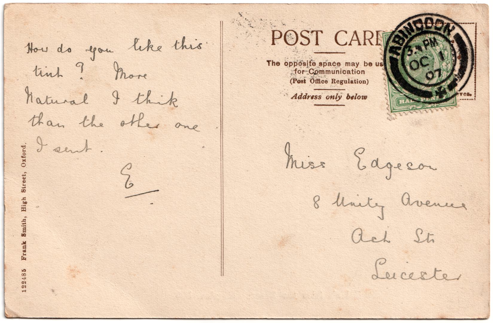 Sent from Edith Mary Barrett (b. 1884) of 12 Marcham Road, to Nellie Gamble Edgson. Edith's brother Paulin would marry Nellie in 1912.
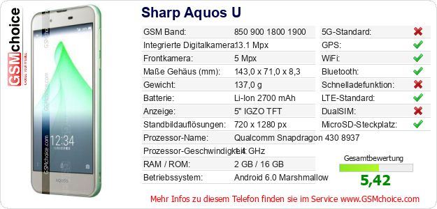 Hast du eigene Webseite? Willst du die Informationen über Standarddaten des Handys Sharp Aquos U irgendwo veröffentlichen? Das ist sehr einfach. Du kannst das Bild herunterladen oder kopieren und auf der Webseite folgenden Code hinzufügen:Das Einfügen von diesem Code verursacht das Anzeigen von dem folgenden Bild:
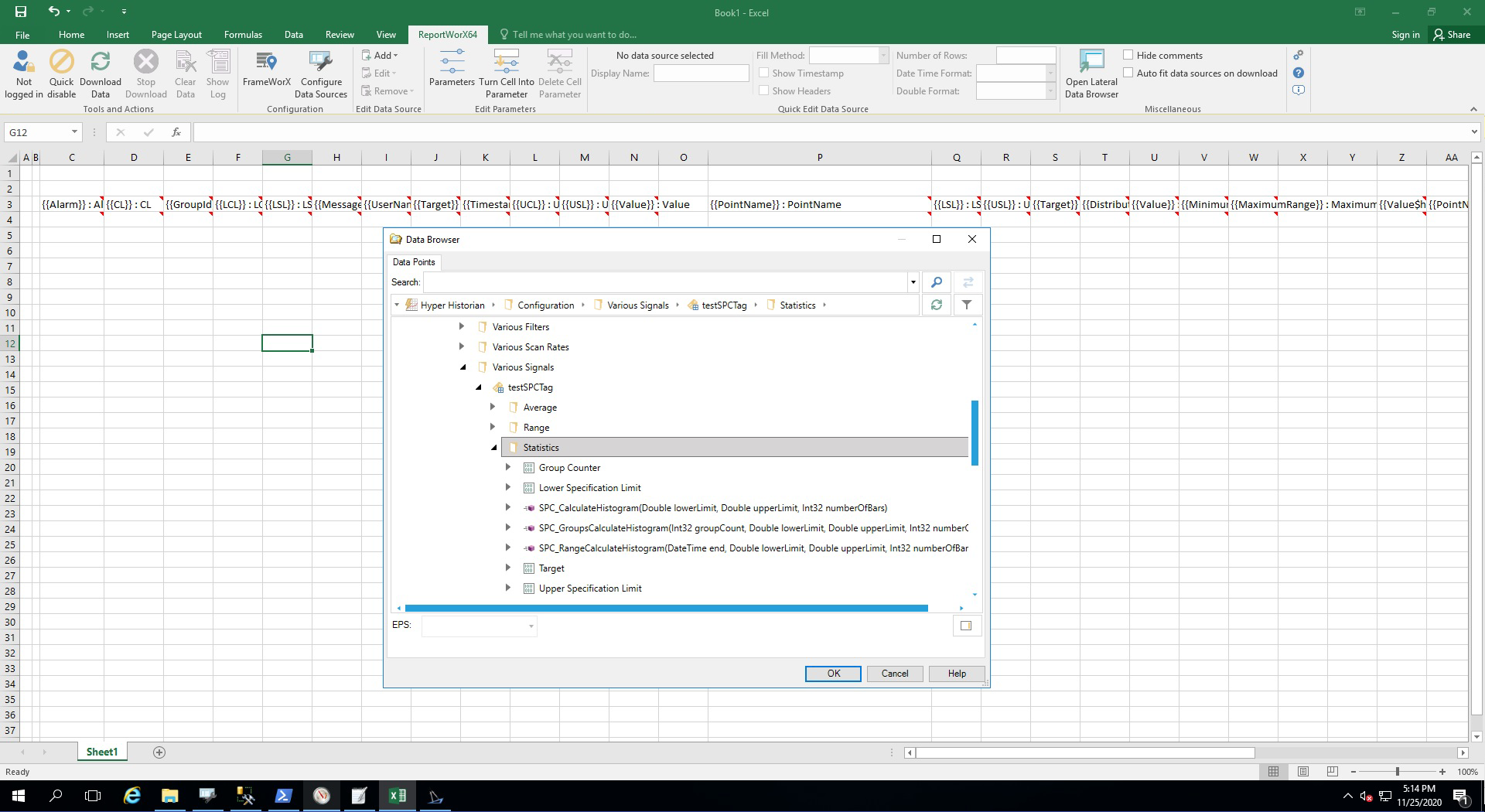 You can browse for any of the SPC data as for process points. Use the Data Browser in the same way as shown in the previous section about browsing SPC data in GridWorX64 Viewer. You can use this data in your graphics or smart tiles.
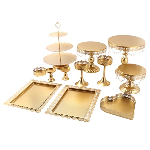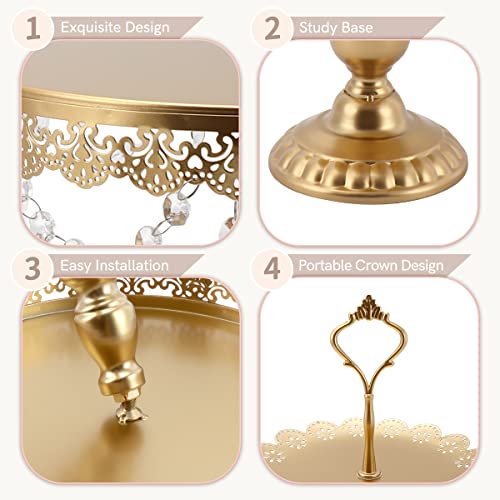 Snowtaros 12 Pezzi Alzata per Torte Rotonde in Stile Vintage, Piatto da Portata Dolci e Torta, 3 Tier Alzata per Torta, in Metallo, con Perline di Cristallo, Decorazione per Feste, Matrimoni (Oro)
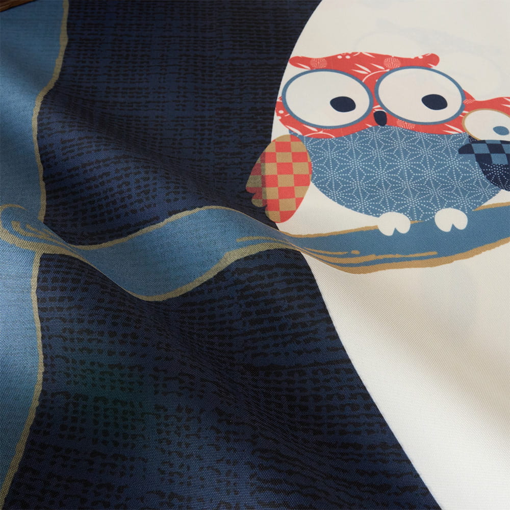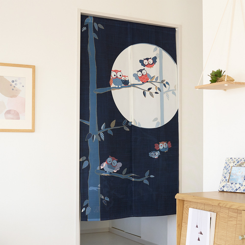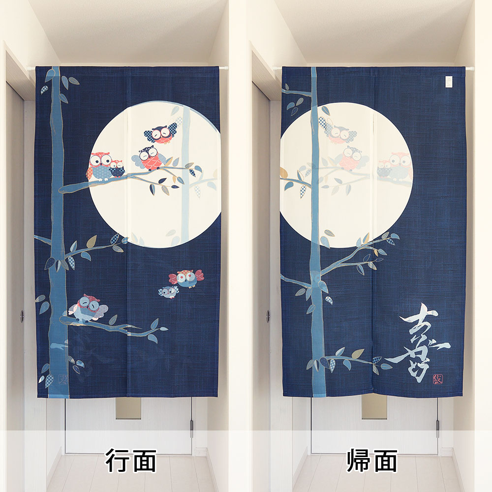 大きな満月が照らす木には、仲睦まじい7羽のフクロウの家族。裏を返すと月の中の4羽が浮かび上がる、遊び心あるデザインです。
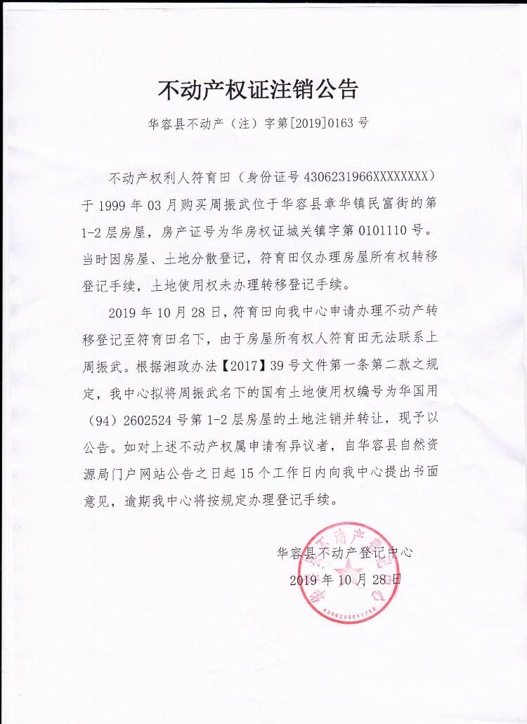 不动产权证书注销公告【土地使用权证(周振武转符育田)】
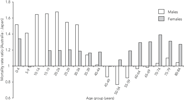 Age-specific comparisons with Japan (Box 5) show higher mortality rates for Australians at virtually every age, with the exception of men in their middle years.
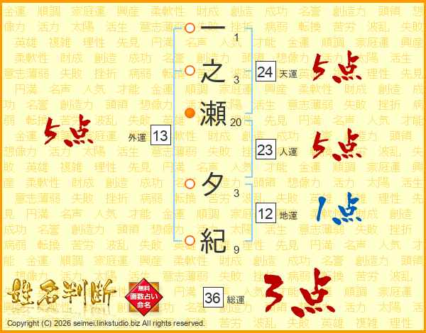 一之瀬夕紀さんの外運は13画の5点!
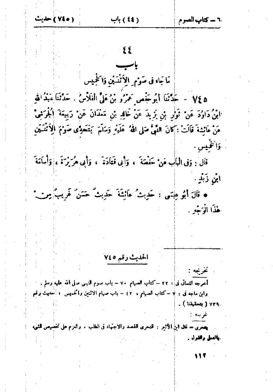745 - حَدَّثَنَا أَبُو حَفْصٍ، عَمْرُو بْنُ عَلِيٍّ الفَلَّاسُ قَالَ: حَدَّثَنَا عَبْدُ اللَّهِ بْنُ دَاوُدَ، عَنْ ثَوْرِ بْنِ يَزِيدَ، عَنْ خَالِدِ بْنِ مَعْدَانَ، عَنْ رَبِيعَةَ الجُرَشِيِّ، عَنْ عَائِشَةَ قَالَتْ: «كَانَ النَّبِيُّ صَلَّى اللَّهُ عَلَيْهِ وَسَلَّمَ §يَتَحَرَّى صَوْمَ الِاثْنَيْنِ وَالخَمِيسِ» وَفِي البَابِ عَنْ حَفْصَةَ، وَأَبِي قَتَادَةَ، وَأَبِي هُرَيْرَةَ، وَأُسَامَةَ بْنِ زَيْدٍ.: «حَدِيثُ عَائِشَةَ حَدِيثٌ حَسَنٌ غَرِيبٌ مِنْ هَذَا الوَجْهِ»
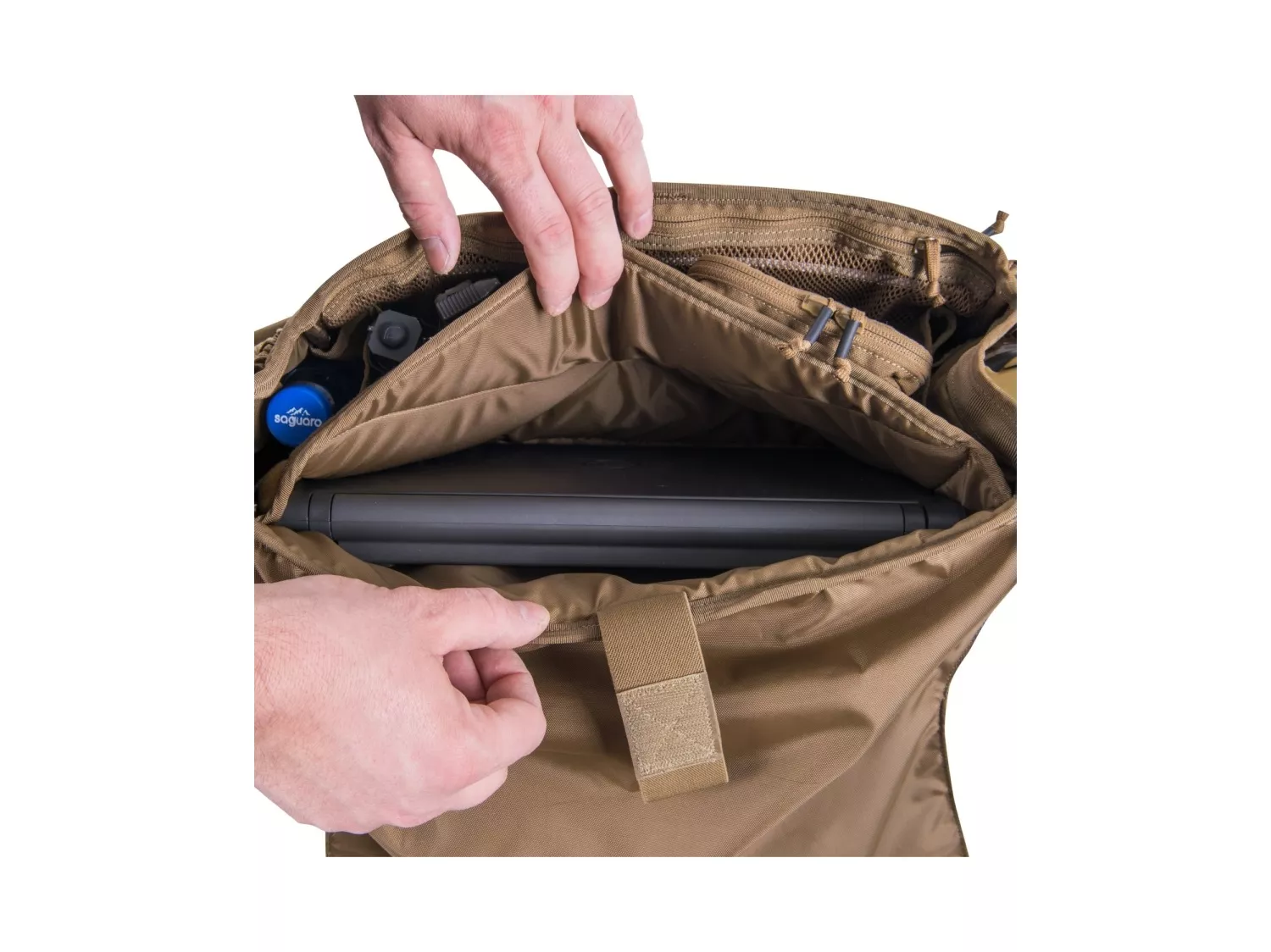 Návrháři věnovali zvláštní pozornost vnitřnímu uspořádání kapes a komor městské tašky. Samostatná, podšitá a suchým zipem uzavíratelná kapsa bezpečně ochrání notebook. Kapsa na zip pod klopou obsahuje panel na suchý zip, kompatibilní s Versatile Insert System. Samostatná vnější kapsa na zip uvnitř klopy umožňuje přístup k často používaným věcem, aniž byste museli klopu otevírat. Panel se suchým zipem lze použít pro personalizaci. Na zadní straně tašky, ze strany těla, je další diskrétní kapsa na zip. Případného zloděje neláká, když je taška blízko těla, kapsa je tedy velice bezpečná a přístup k ní je rovněž omezený. Pro další ochranu obsahu můžete kapsu naplnit jedním z pouzder Helikon kompatibilních s VIS.
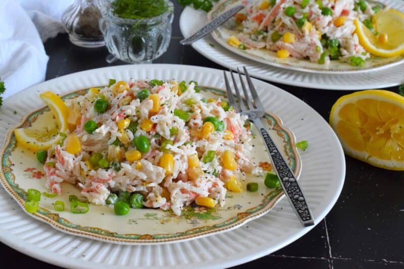 Prepare this recipe using real or imitation crab and leftover cooked rice. Great as a side, but hearty and filling enough to be served as a main, Creamy Crab and Rice Salad tastes light and fresh and is simply delicious!
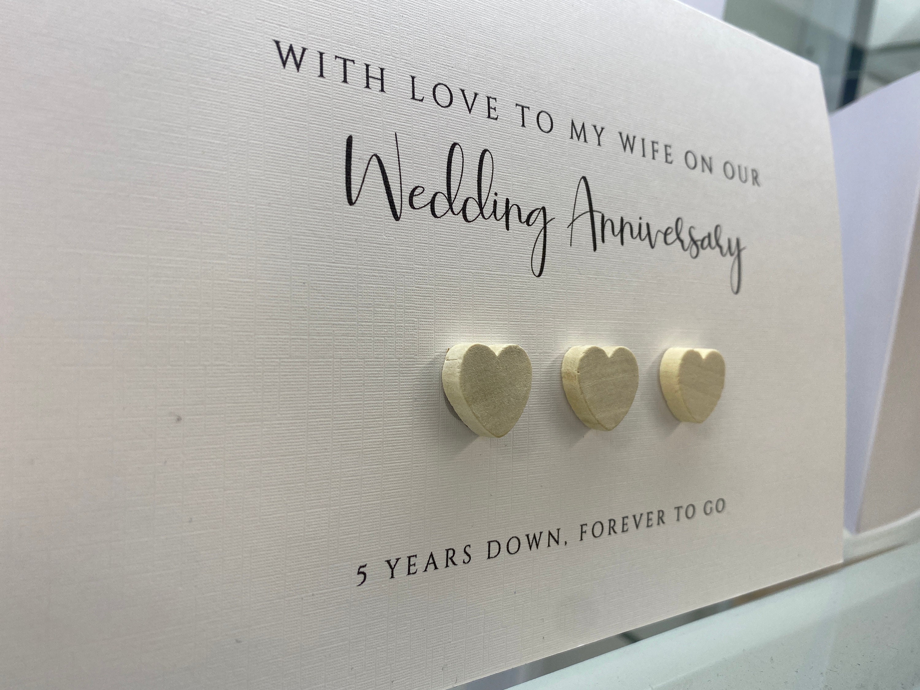 Real Wood Hearts, Wife Fifth Wedding Anniversary Card, Fifth Annive...
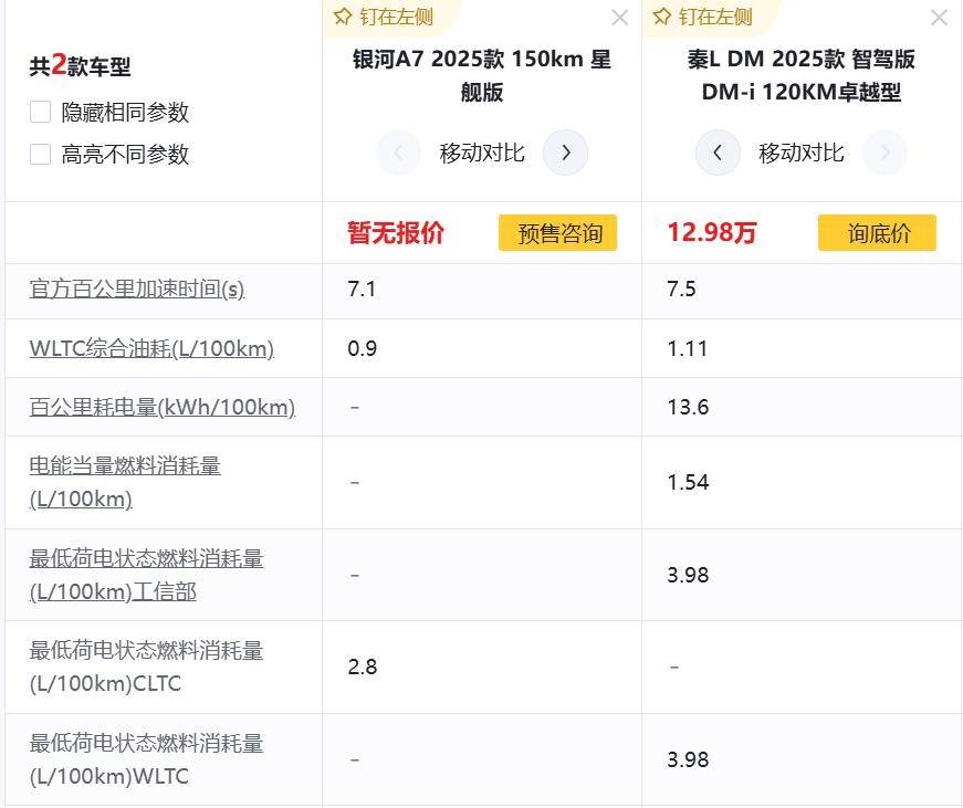 咱們選擇吉利銀河A7的150km 星艦版,預售價13.38萬,這個價位對應的是秦L的120KM卓越型,售價13.98萬,咱們來看一下二者對比情況。
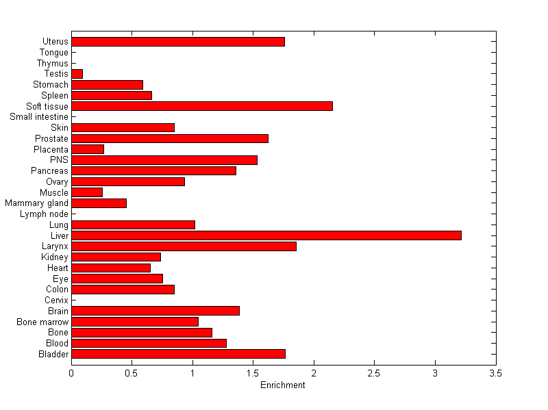 The expression level is normalized with tissue-library size. Each value for a gene in a tissue is a ratio of observed ESTs to the expected one in this tissue. The expected number of ESTs is the product of total ESTs of the gene and the fraction of total ESTs in the tissue among all ESTs in 30 tissues.
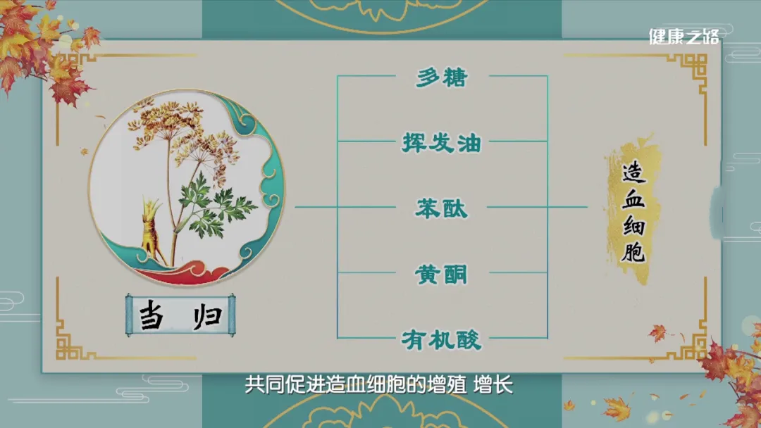 當歸由多糖、揮發油、苯酞、黃酮、有機酸組成,能夠促進造血細胞的增殖、增長,具有明顯的養血功效。
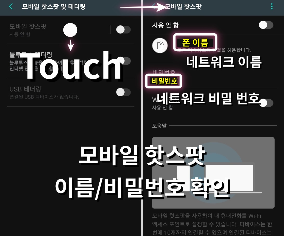 물론 모바일 핫스팟 이름도 원하시는 걸로 변경이 가능합니다.

• **What you should do**: Exactly as written, please copy out the whole set of records, skipping images.

• **Exercise output**:
 Sent from Edith Mary Barrett (b. 1884) of 12 Marcham Road, to Nellie Gamble Edgson. Edith's brother Paulin would marry Nellie in 1912.
 Hast du eigene Webseite? Willst du die Informationen über Standarddaten des Handys Sharp Aquos U irgendwo veröffentlichen? Das ist sehr einfach. Du kannst das Bild herunterladen oder kopieren und auf der Webseite folgenden Code hinzufügen:Das Einfügen von diesem Code verursacht das Anzeigen von dem folgenden Bild:
 You can browse for any of the SPC data as for process points. Use the Data Browser in the same way as shown in the previous section about browsing SPC data in GridWorX64 Viewer. You can use this data in your graphics or smart tiles.
 Snowtaros 12 Pezzi Alzata per Torte Rotonde in Stile Vintage, Piatto da Portata Dolci e Torta, 3 Tier Alzata per Torta, in Metallo, con Perline di Cristallo, Decorazione per Feste, Matrimoni (Oro)
 大きな満月が照らす木には、仲睦まじい7羽のフクロウの家族。裏を返すと月の中の4羽が浮かび上がる、遊び心あるデザインです。
 不动产权证书注销公告【土地使用权证(周振武转符育田)】
 Age-specific comparisons with Japan (Box 5) show higher mortality rates for Australians at virtually every age, with the exception of men in their middle years.
 一之瀬夕紀さんの外運は13画の5点!
745 - حَدَّثَنَا أَبُو حَفْصٍ، عَمْرُو بْنُ عَلِيٍّ الفَلَّاسُ قَالَ: حَدَّثَنَا عَبْدُ اللَّهِ بْنُ دَاوُدَ، عَنْ ثَوْرِ بْنِ يَزِيدَ، عَنْ خَالِدِ بْنِ مَعْدَانَ، عَنْ رَبِيعَةَ الجُرَشِيِّ، عَنْ عَائِشَةَ قَالَتْ: «كَانَ النَّبِيُّ صَلَّى اللَّهُ عَلَيْهِ وَسَلَّمَ §يَتَحَرَّى صَوْمَ الِاثْنَيْنِ وَالخَمِيسِ» وَفِي البَابِ عَنْ حَفْصَةَ، وَأَبِي قَتَادَةَ، وَأَبِي هُرَيْرَةَ، وَأُسَامَةَ بْنِ زَيْدٍ.: «حَدِيثُ عَائِشَةَ حَدِيثٌ حَسَنٌ غَرِيبٌ مِنْ هَذَا الوَجْهِ»
 Návrháři věnovali zvláštní pozornost vnitřnímu uspořádání kapes a komor městské tašky. Samostatná, podšitá a suchým zipem uzavíratelná kapsa bezpečně ochrání notebook. Kapsa na zip pod klopou obsahuje panel na suchý zip, kompatibilní s Versatile Insert System. Samostatná vnější kapsa na zip uvnitř klopy umožňuje přístup k často používaným věcem, aniž byste museli klopu otevírat. Panel se suchým zipem lze použít pro personalizaci. Na zadní straně tašky, ze strany těla, je další diskrétní kapsa na zip. Případného zloděje neláká, když je taška blízko těla, kapsa je tedy velice bezpečná a přístup k ní je rovněž omezený. Pro další ochranu obsahu můžete kapsu naplnit jedním z pouzder Helikon kompatibilních s VIS.
 Prepare this recipe using real or imitation crab and leftover cooked rice. Great as a side, but hearty and filling enough to be served as a main, Creamy Crab and Rice Salad tastes light and fresh and is simply delicious!
 Real Wood Hearts, Wife Fifth Wedding Anniversary Card, Fifth Annive...
 咱們選擇吉利銀河A7的150km 星艦版,預售價13.38萬,這個價位對應的是秦L的120KM卓越型,售價13.98萬,咱們來看一下二者對比情況。
 The expression level is normalized with tissue-library size. Each value for a gene in a tissue is a ratio of observed ESTs to the expected one in this tissue. The expected number of ESTs is the product of total ESTs of the gene and the fraction of total ESTs in the tissue among all ESTs in 30 tissues.
 當歸由多糖、揮發油、苯酞、黃酮、有機酸組成,能夠促進造血細胞的增殖、增長,具有明顯的養血功效。
 물론 모바일 핫스팟 이름도 원하시는 걸로 변경이 가능합니다.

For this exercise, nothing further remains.